(Task details): A word-for-word copy of the data is what's wanted, with no pictures.

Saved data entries

* * *

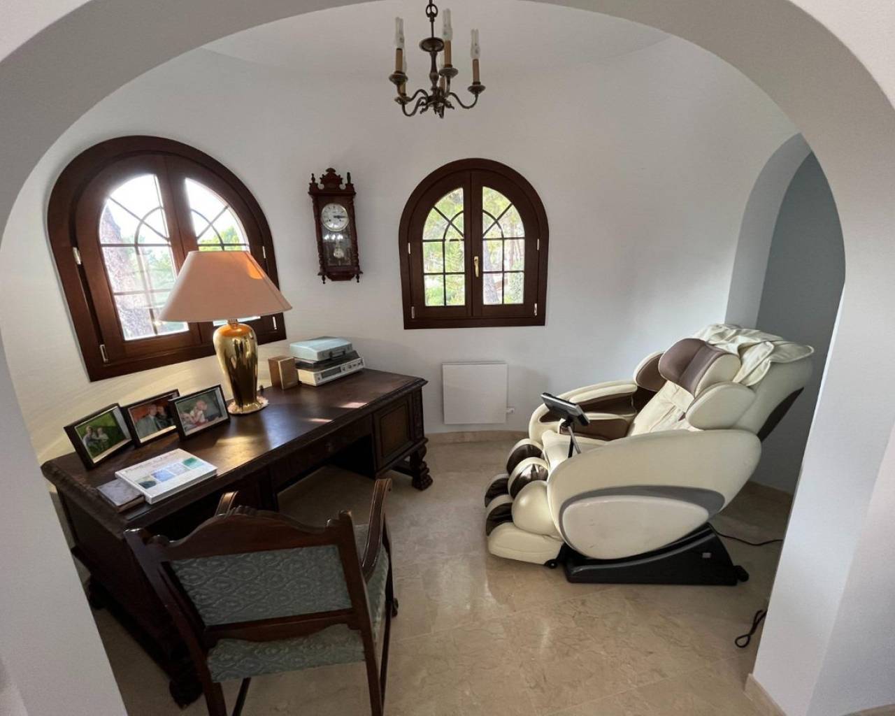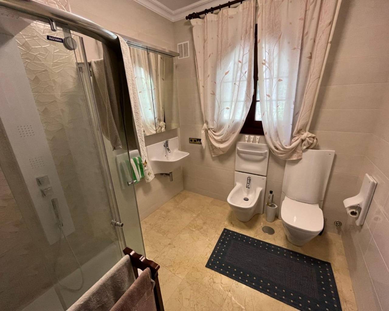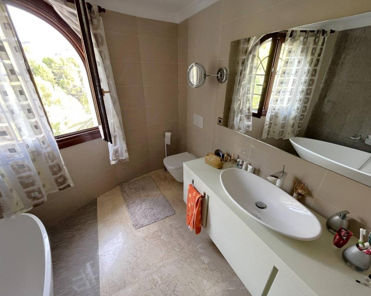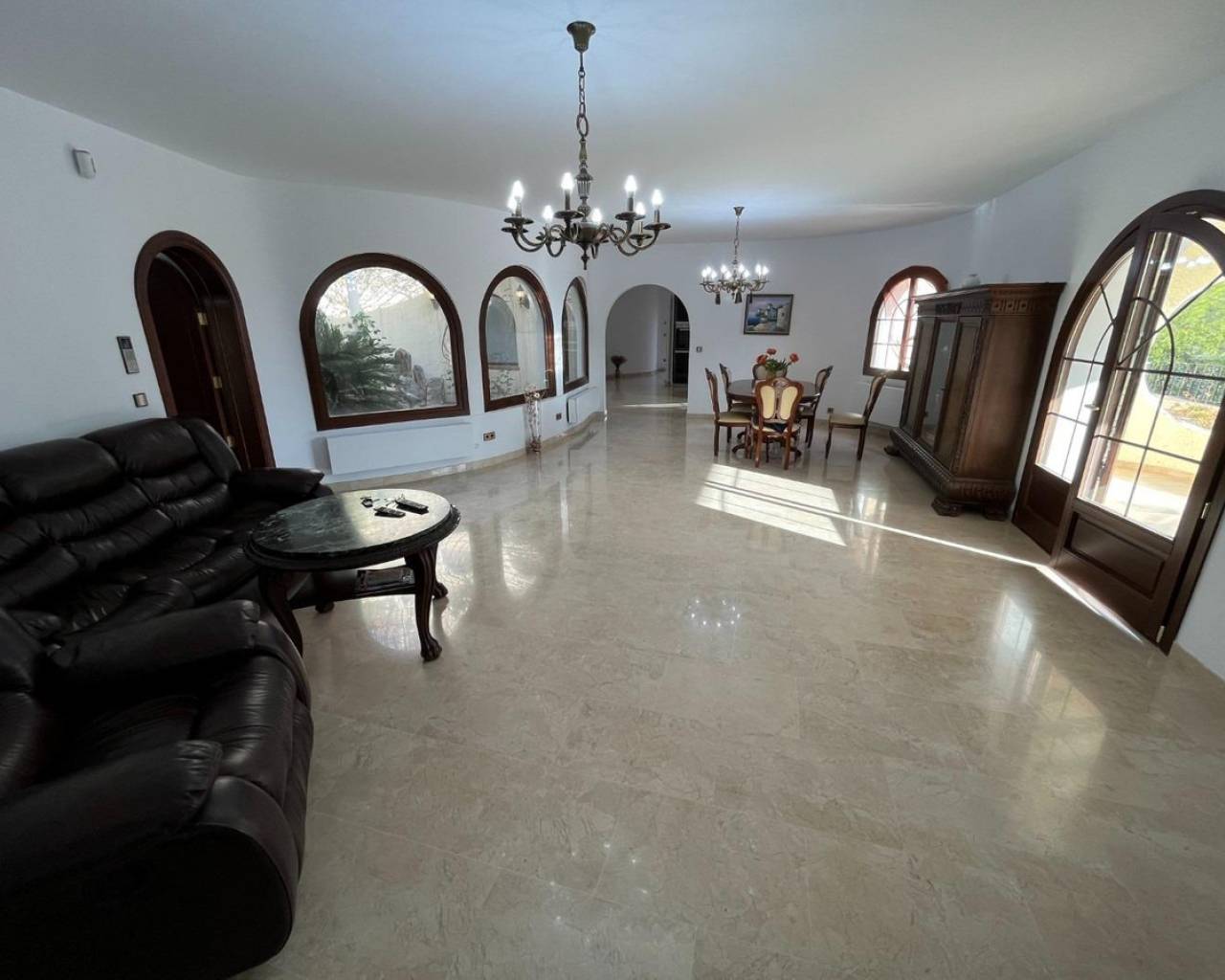 Mediterranean style luxury villa in the Sierra de Altea. An exclusive villa, available to only a few, who seek privacy and tranquility.With a constructed area of 522 m², renovated 10 years ago, distributed over 3 floors, it includes 4 double bedrooms, 4 bathrooms, 1 toilet, 2 living rooms, 2 kitchens, laundry room, storage room, garage for 2 cars, large terraces, indoor heated pool , outdoor pool, garden, other auxiliary buildings, etc. All this on a large natural plot of 5,262 m².Renovated with the best qualities, such as iroko wood exterior carpentry with double glazing, marble floors, heating with radiators and underfloor heating using a diesel boiler, air conditioning, alarm and video surveillance system, solar panels for hot water, etc.Located in the Sierra de Altea urbanization, at the foot of the Bernia mountain range, surrounded by nature and with views of the sea and the mountains. An exclusive area, very quiet and quiet, but well connected by road, 10 minutes from Altea La Vella and all basic services, and 15 minutes from Altea and the beaches.
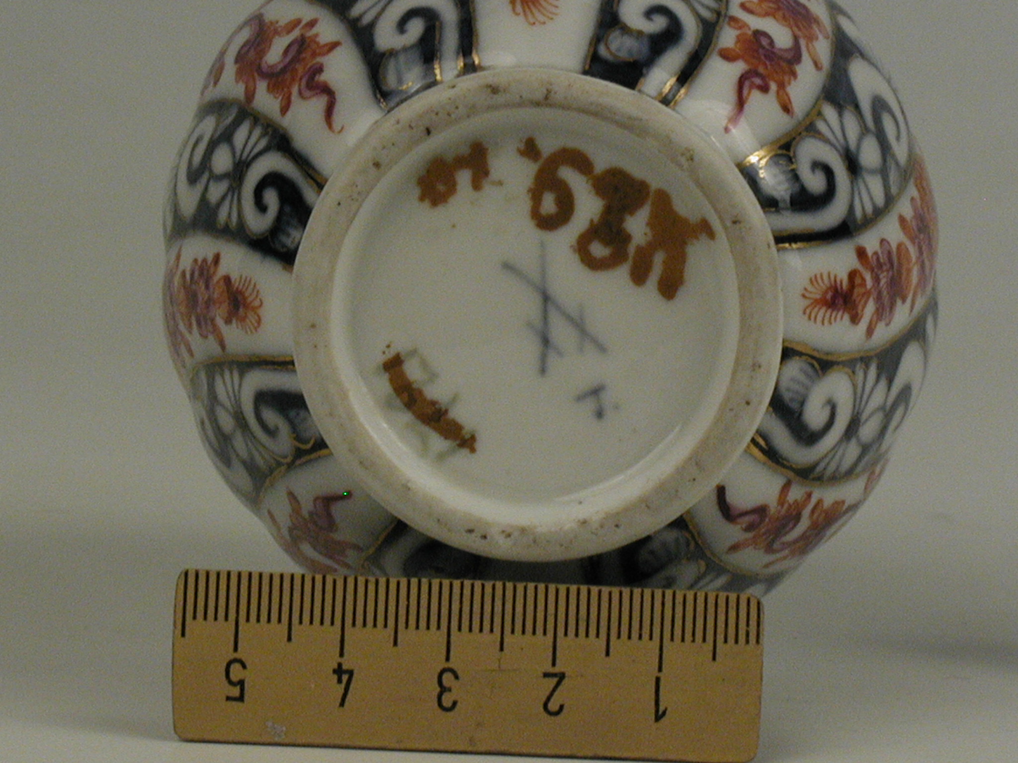 Авторські підписи, клейма: марка синя підглазурна: схрещені мечі/Історія Атрибуціi: консультація Р.С. Соловейчик (Ермітаж, 1961 р.) - Мейсен, 1730 - 1735 рр. (розпис "імарі")/Кількість: 1
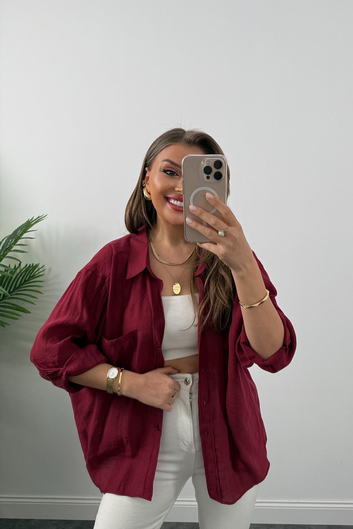Lüx Kalite Basic Salaş Tensel Gömlek Bordo
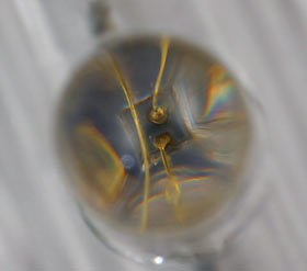 Peer into the end of the LED with sufficient magnification and you can see the unusual amount of wiring it contains.
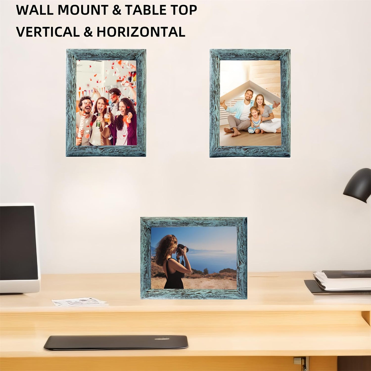 6x8 Green Picture Frames Set of 2, Solid Wood Photo Frame with HD Glass, Farmhouse Distressed Rustic Natural Weathered Wooden Frames for Gallery Wall Mounting or Table Top Display Home Decorative
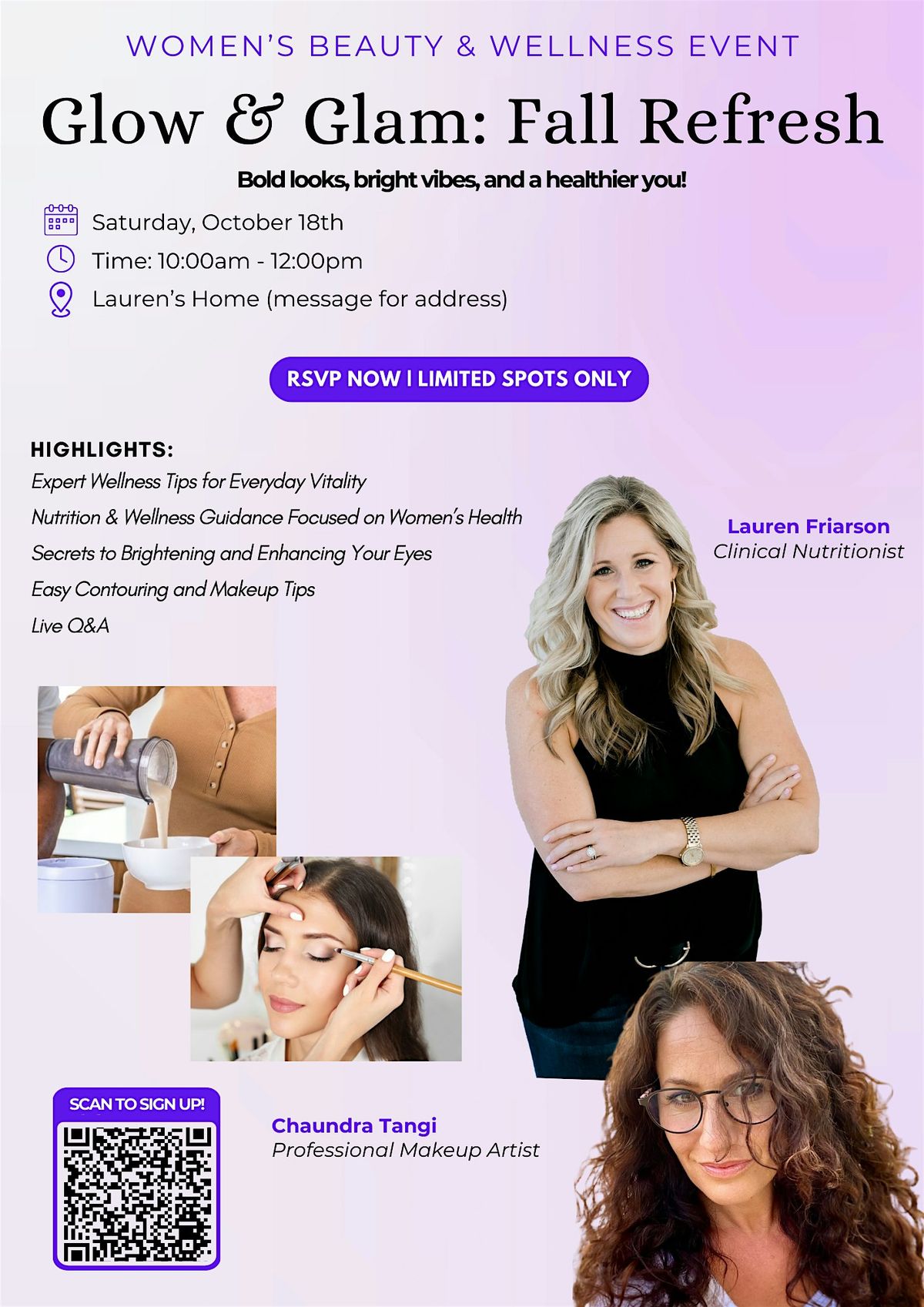 Join us for an inspiring Women’s Beauty & Wellness Event designed to help you feel radiant inside and out this fall. From expert nutrition guidance to pro makeup techniques, you’ll leave with practical tips, glowing energy, and a refreshed outlook.

* * *

(Solution to this exercise):
 Mediterranean style luxury villa in the Sierra de Altea. An exclusive villa, available to only a few, who seek privacy and tranquility.With a constructed area of 522 m², renovated 10 years ago, distributed over 3 floors, it includes 4 double bedrooms, 4 bathrooms, 1 toilet, 2 living rooms, 2 kitchens, laundry room, storage room, garage for 2 cars, large terraces, indoor heated pool , outdoor pool, garden, other auxiliary buildings, etc. All this on a large natural plot of 5,262 m².Renovated with the best qualities, such as iroko wood exterior carpentry with double glazing, marble floors, heating with radiators and underfloor heating using a diesel boiler, air conditioning, alarm and video surveillance system, solar panels for hot water, etc.Located in the Sierra de Altea urbanization, at the foot of the Bernia mountain range, surrounded by nature and with views of the sea and the mountains. An exclusive area, very quiet and quiet, but well connected by road, 10 minutes from Altea La Vella and all basic services, and 15 minutes from Altea and the beaches.
 Авторські підписи, клейма: марка синя підглазурна: схрещені мечі/Історія Атрибуціi: консультація Р.С. Соловейчик (Ермітаж, 1961 р.) - Мейсен, 1730 - 1735 рр. (розпис "імарі")/Кількість: 1
Lüx Kalite Basic Salaş Tensel Gömlek Bordo
 Peer into the end of the LED with sufficient magnification and you can see the unusual amount of wiring it contains.
 6x8 Green Picture Frames Set of 2, Solid Wood Photo Frame with HD Glass, Farmhouse Distressed Rustic Natural Weathered Wooden Frames for Gallery Wall Mounting or Table Top Display Home Decorative
 Join us for an inspiring Women’s Beauty & Wellness Event designed to help you feel radiant inside and out this fall. From expert nutrition guidance to pro makeup techniques, you’ll leave with practical tips, glowing energy, and a refreshed outlook.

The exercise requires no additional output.